Final answer:
By converting the given dimensions and density to consistent units, we calculate that there are approximately 1,666,705.6 pounds of dry soil in the top 6 inches of an acre of soil with a bulk density of 1.3 g/cm^3.
Step-by-step explanation:
The question involves a calculation to find the amount of dry soil in the top 6 inches of an acre using the given bulk density and converting the units to pounds. To solve this, we first convert the depth from inches to feet and the bulk density from grams per cubic centimeter to pounds per cubic foot, then calculate the volume of soil and use the density to find the mass in pounds.

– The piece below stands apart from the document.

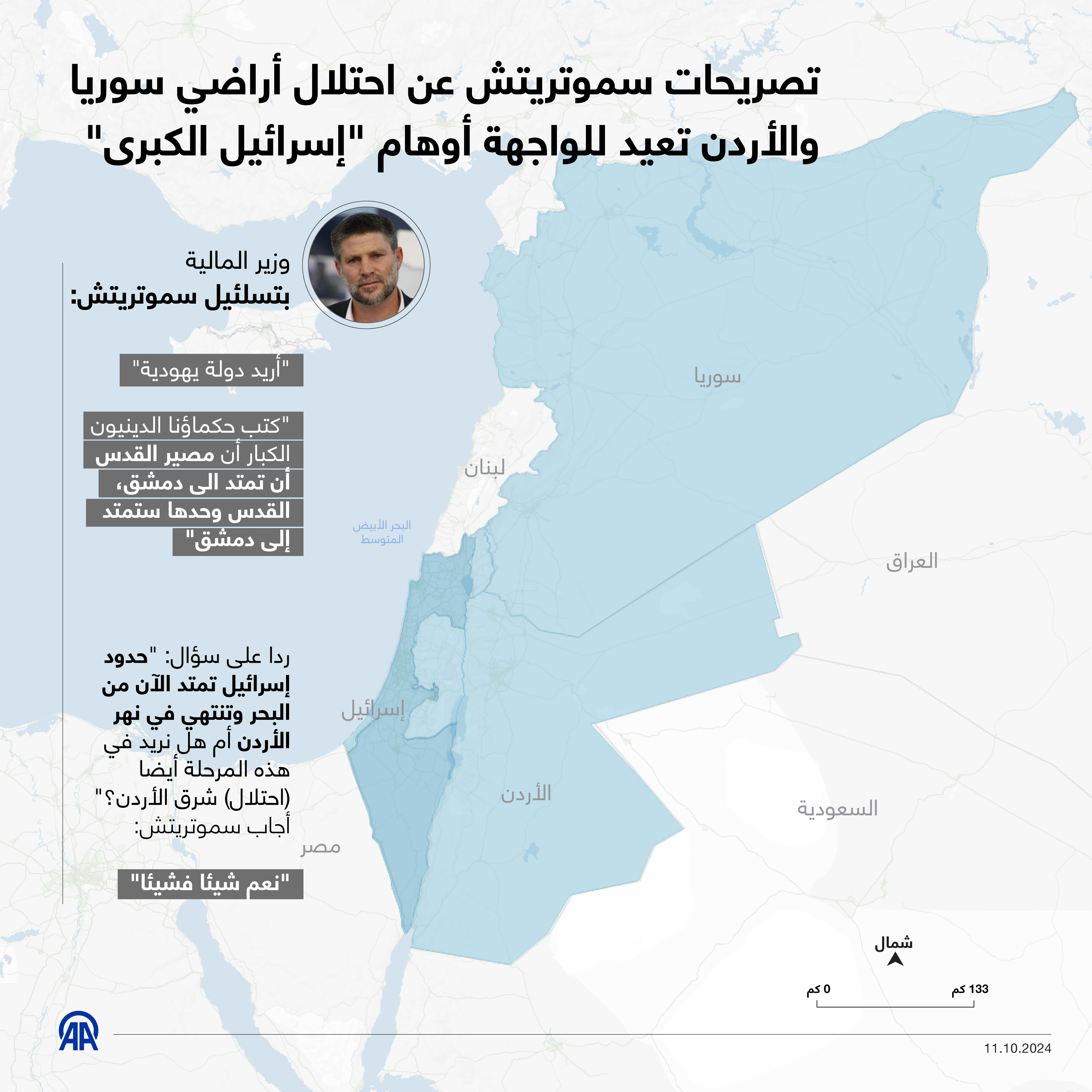تصريحات سموتريتش عن احتلال أراضي سوريا والأردن تعيد للواجهة أوهام "إسرائيل الكبرى"

First, convert 6 inches to feet: 6 inches = 0.5 feet. Then convert the bulk density: 1.3 g/cm3 is equal to 1.3 g/cm3 * (1/454 lb/g) * (2.54 cm/in)3 * (12 in/ft)3 = approximately 76.52 lb/ft3. Next, calculate the volume of soil covering an acre at 6 inches deep: 43,560 ft2 * 0.5 ft = 21,780 ft3.
Finally, multiply the volume by the bulk density to find the mass: 21,780 ft3 * 76.52 lb/ft3 = 1,666,705.6 lb. Therefore, there are approximately 1,666,705.6 pounds of dry soil in the top 6 inches of an acre of soil with a bulk density of 1.3 g/cm3.